- **INSTRUCTIONS TO FOLLOW**
Will you extract the entries word for word? Images should not appear in the copy.
* * * * *
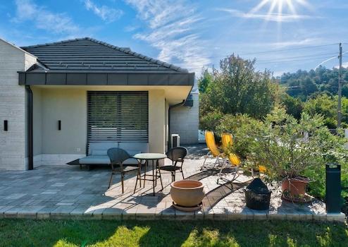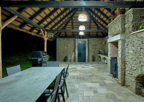 Im Garten befinden sich ein Nebengebäude, eine voll ausgestattete Gartenküche mit Sitzecke, ein Wasserkocher, ein Räucherofen für Wurst und Schinken sowie ein Grill. Das Anwesen eignet sich daher perfekt für größere Feiern und Familienfeste.
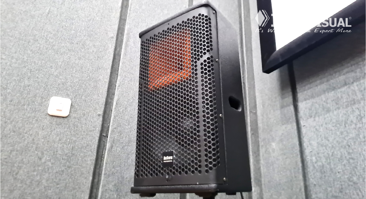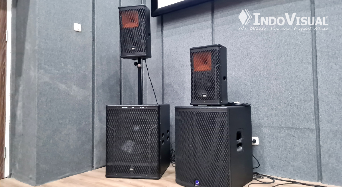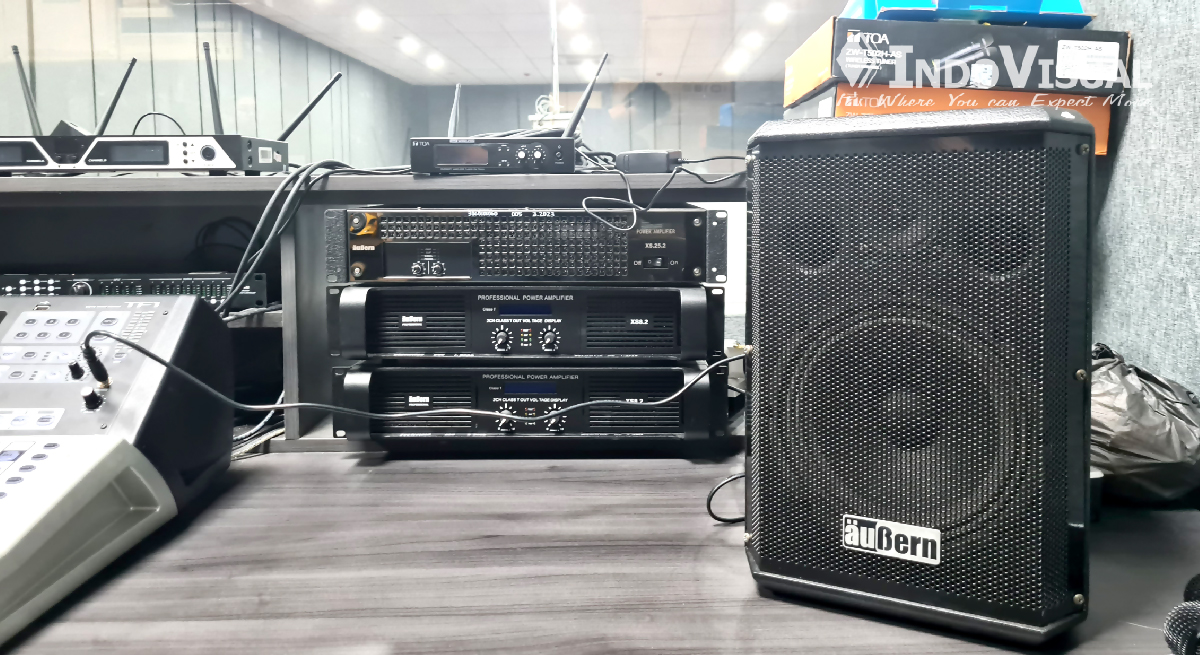 Melihat kebutuhan tersebut, Indovisual bersama partner menghadirkan solusi audio yang dirancang khusus untuk ruangan ini. Sistem baru ini mengandalkan empat unit Aubern ALM-10 sebagai speaker utama untuk menghasilkan suara yang merata dan detail, ditambah dua unit Aubern ASW-18 subwoofer yang memperkuat frekuensi rendah agar bunyi bass terasa lebih hidup. Di ruang kontrol, satu unit Aubern GT-8 berfungsi sebagai pusat kendali dan dilengkapi perangkat pendukung audio lain yang memastikan performa sistem selalu optimal.
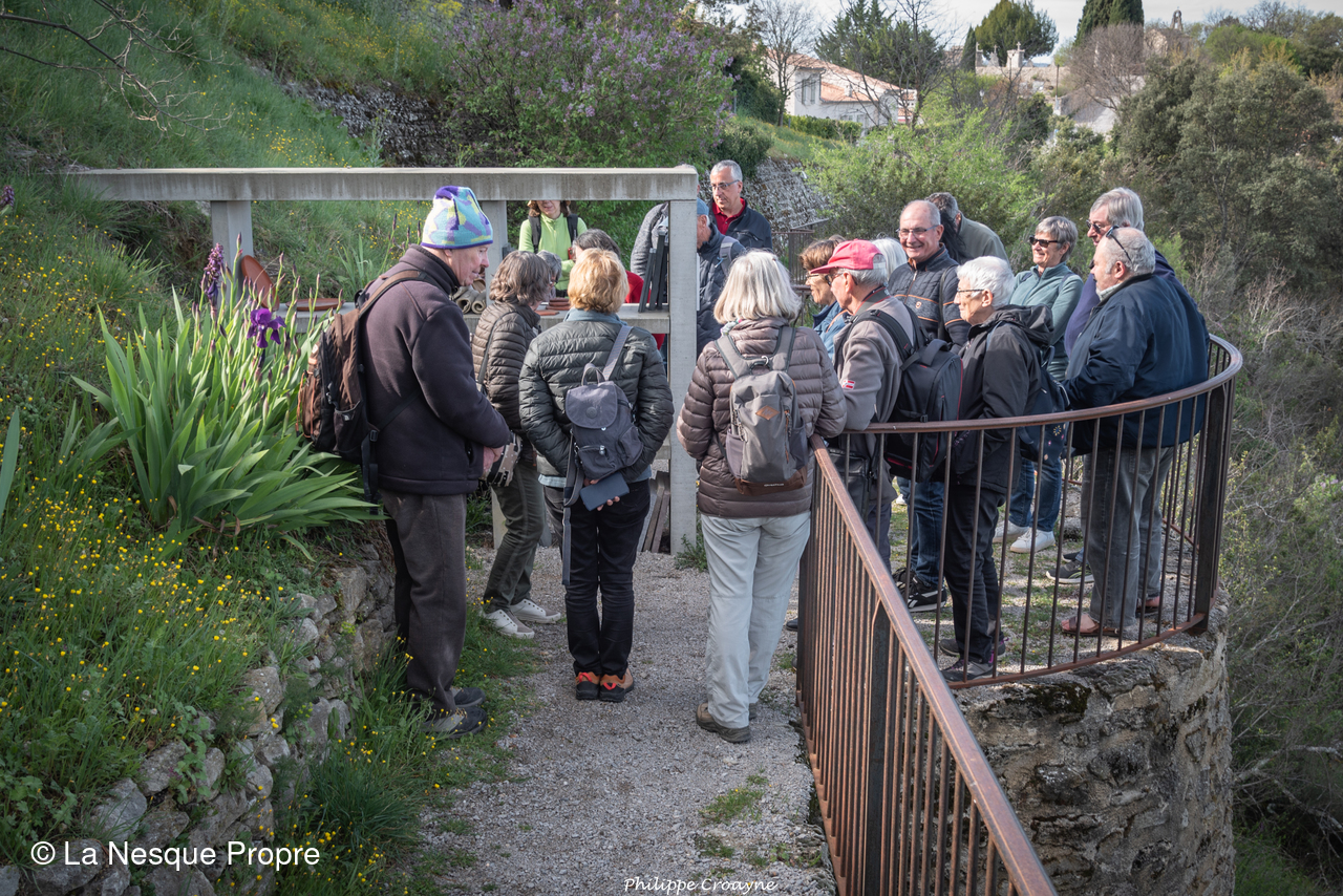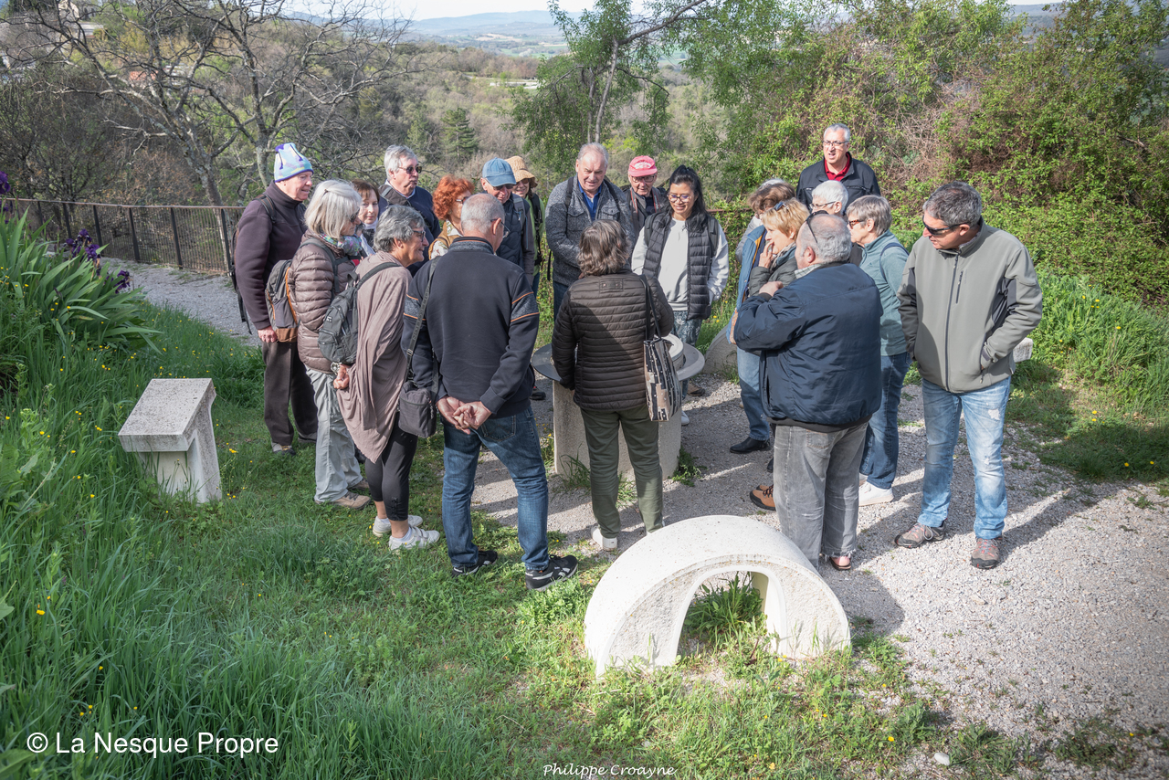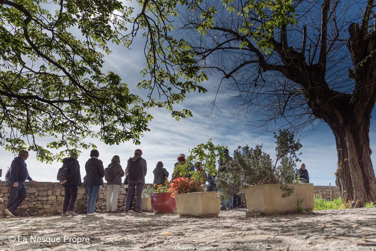 A travers le chemin des écritures, on a exploré un lieu chargé d’histoire, cher à Jean Giono. Tout est baigné de soleil et de silence. Au dessus de nous, un milan noir, tout juste arrivé d’Afrique tropicale, nous a offerts un numéro de vol plané dans la brise matinale. Ici, le point de vue est imprenable. Les paysages sont sublimes, particulièrement bigarrés. Au loin, à 360°, la Durance serpente avec « ses tresses », le Mercantour, le Luberon, la Montagne de Lure, le plateau de Valensole, le Mont Denier, le Buech, la Bléone…
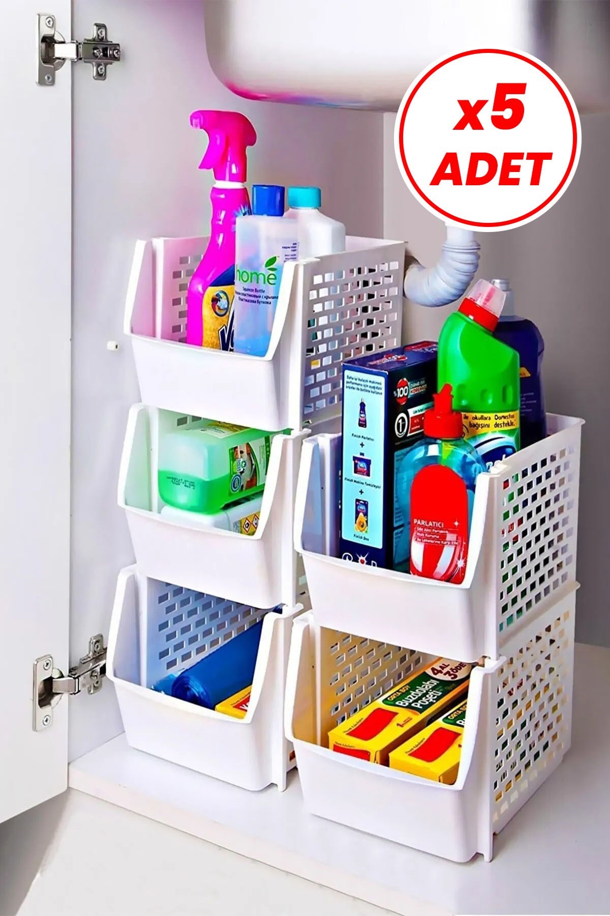 5'Li Üst Üste Eklenebilir Banyo Mutfak Rafı - Buzdolabı Raf Düzenleyici - Dolap İçi Organizer
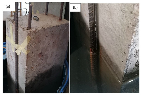 The corrosion phenomenon causes a greater volume of the rust in concrete composite; thus, it results in a most detrimental effect of cracking and spalling of the concrete cover due to tensile stresses developing [28,29]. Along with the aesthetics being affected, the mechanical performance and load capacity are also adversely affected by cracking. Literature reports show that, as the cracks become bigger, water permeation increases, allowing aggressive agents access to the reinforcements. The aggressive agents initiate the corrosion process with water and oxygen [30]. For steel corrosion to occur, certain conditions must be met: An electrolyte, a metallic connection, and a minimum of two steel locations of the steel rebar at different energy levels.
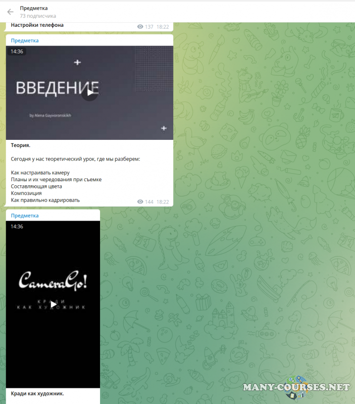 Вы находитесь на странице товара «Алена Гайворонских - CameraGo. Курс по предметной съемке и видеомонтажу на телефоне», это материал 2023 года, который, мы надеемся, принесет вам пользу. Данный курс расположен на платформе «Канал Telegram».Скриншоты с платформы на которой расположены материалы вы можете найти выше. В нашем магазине курсы доступны по самым выгодным ценам. Вы можете перейти на оригинальный продажник, после чего принять решение о покупке. Вы получаете этот курс, купив в нашем магазине MANY-COURSES.NET, с огромной скидкой, всего 770 рублей. Обучающий курс входит в рубрику «Видео и фото», вы можете поискать другие сливы курсов в этой рубрике. В нашем магазине Вы найдёте ещё много курсов от автора «Алена Гайворонских», достаточно ввести в поиск имя автора.
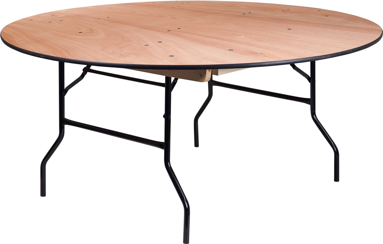66 Inch Diameter Round Wood Folding Banquet Table with Black Edge and Frame
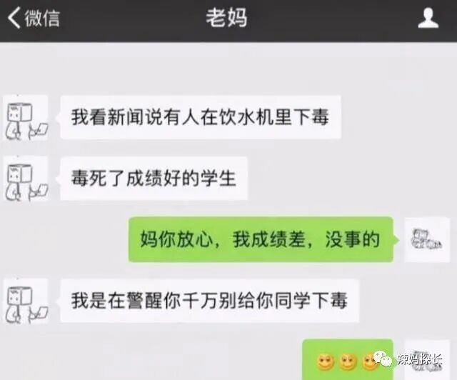 而这位同学则安慰自己的母亲,说自己成绩不好,不会有人对自己下手的。但是没想到的是,母亲担心的不是自己,而是在担心这个同学给其他人“下药”。
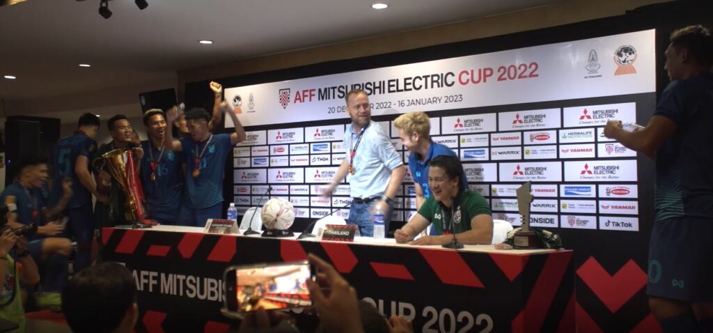 ขณะที่การแถลงข่าวหลังจบเกม เหล่านักเตะช้างศึกได้เข้ามาเซอร์ไพรส์ มาโน โพลกิง กุนซือทีมชาติไทย และธีราทร บุญมาทัน ด้วยการสาดน้ำยินดี และนำเอาถ้วยแชมป์มาตั้งภายในห้องแถลงข่าวด้วย
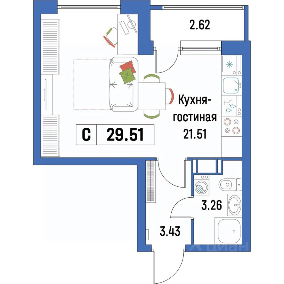 Общая площадь29,51 м²
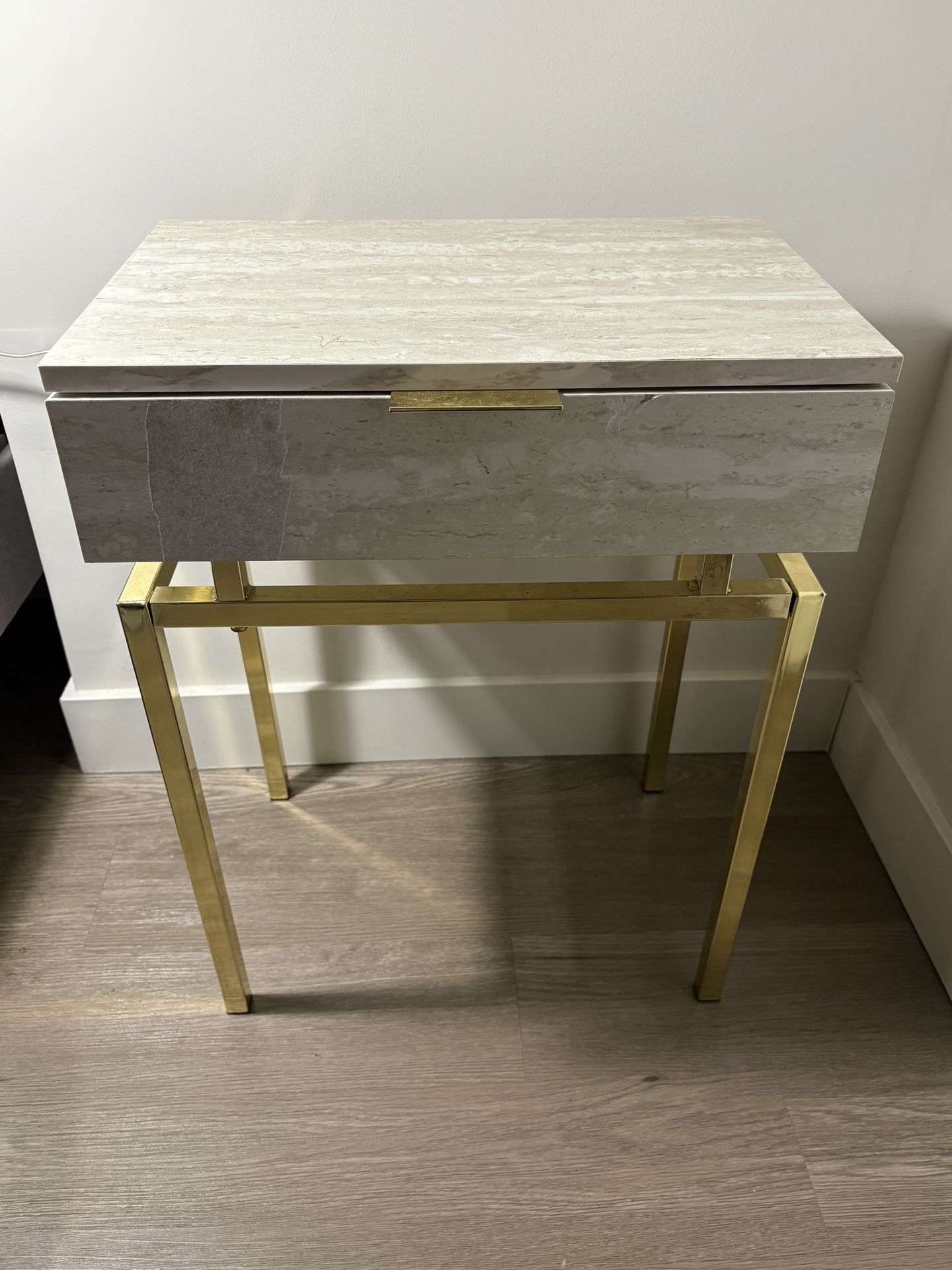 Really cute nightstand or end table, only has one blemish otherwise it’s perfect! Great if you’re just moving in and want some furniture you can swap out later !
* * * * *
- **WRITTEN RESPONSE**
 Im Garten befinden sich ein Nebengebäude, eine voll ausgestattete Gartenküche mit Sitzecke, ein Wasserkocher, ein Räucherofen für Wurst und Schinken sowie ein Grill. Das Anwesen eignet sich daher perfekt für größere Feiern und Familienfeste.
 Melihat kebutuhan tersebut, Indovisual bersama partner menghadirkan solusi audio yang dirancang khusus untuk ruangan ini. Sistem baru ini mengandalkan empat unit Aubern ALM-10 sebagai speaker utama untuk menghasilkan suara yang merata dan detail, ditambah dua unit Aubern ASW-18 subwoofer yang memperkuat frekuensi rendah agar bunyi bass terasa lebih hidup. Di ruang kontrol, satu unit Aubern GT-8 berfungsi sebagai pusat kendali dan dilengkapi perangkat pendukung audio lain yang memastikan performa sistem selalu optimal.
 A travers le chemin des écritures, on a exploré un lieu chargé d’histoire, cher à Jean Giono. Tout est baigné de soleil et de silence. Au dessus de nous, un milan noir, tout juste arrivé d’Afrique tropicale, nous a offerts un numéro de vol plané dans la brise matinale. Ici, le point de vue est imprenable. Les paysages sont sublimes, particulièrement bigarrés. Au loin, à 360°, la Durance serpente avec « ses tresses », le Mercantour, le Luberon, la Montagne de Lure, le plateau de Valensole, le Mont Denier, le Buech, la Bléone…
 5'Li Üst Üste Eklenebilir Banyo Mutfak Rafı - Buzdolabı Raf Düzenleyici - Dolap İçi Organizer
 The corrosion phenomenon causes a greater volume of the rust in concrete composite; thus, it results in a most detrimental effect of cracking and spalling of the concrete cover due to tensile stresses developing [28,29]. Along with the aesthetics being affected, the mechanical performance and load capacity are also adversely affected by cracking. Literature reports show that, as the cracks become bigger, water permeation increases, allowing aggressive agents access to the reinforcements. The aggressive agents initiate the corrosion process with water and oxygen [30]. For steel corrosion to occur, certain conditions must be met: An electrolyte, a metallic connection, and a minimum of two steel locations of the steel rebar at different energy levels.
 Вы находитесь на странице товара «Алена Гайворонских - CameraGo. Курс по предметной съемке и видеомонтажу на телефоне», это материал 2023 года, который, мы надеемся, принесет вам пользу. Данный курс расположен на платформе «Канал Telegram».Скриншоты с платформы на которой расположены материалы вы можете найти выше. В нашем магазине курсы доступны по самым выгодным ценам. Вы можете перейти на оригинальный продажник, после чего принять решение о покупке. Вы получаете этот курс, купив в нашем магазине MANY-COURSES.NET, с огромной скидкой, всего 770 рублей. Обучающий курс входит в рубрику «Видео и фото», вы можете поискать другие сливы курсов в этой рубрике. В нашем магазине Вы найдёте ещё много курсов от автора «Алена Гайворонских», достаточно ввести в поиск имя автора.
66 Inch Diameter Round Wood Folding Banquet Table with Black Edge and Frame
 而这位同学则安慰自己的母亲,说自己成绩不好,不会有人对自己下手的。但是没想到的是,母亲担心的不是自己,而是在担心这个同学给其他人“下药”。
 ขณะที่การแถลงข่าวหลังจบเกม เหล่านักเตะช้างศึกได้เข้ามาเซอร์ไพรส์ มาโน โพลกิง กุนซือทีมชาติไทย และธีราทร บุญมาทัน ด้วยการสาดน้ำยินดี และนำเอาถ้วยแชมป์มาตั้งภายในห้องแถลงข่าวด้วย
 Общая площадь29,51 м²
 Really cute nightstand or end table, only has one blemish otherwise it’s perfect! Great if you’re just moving in and want some furniture you can swap out later !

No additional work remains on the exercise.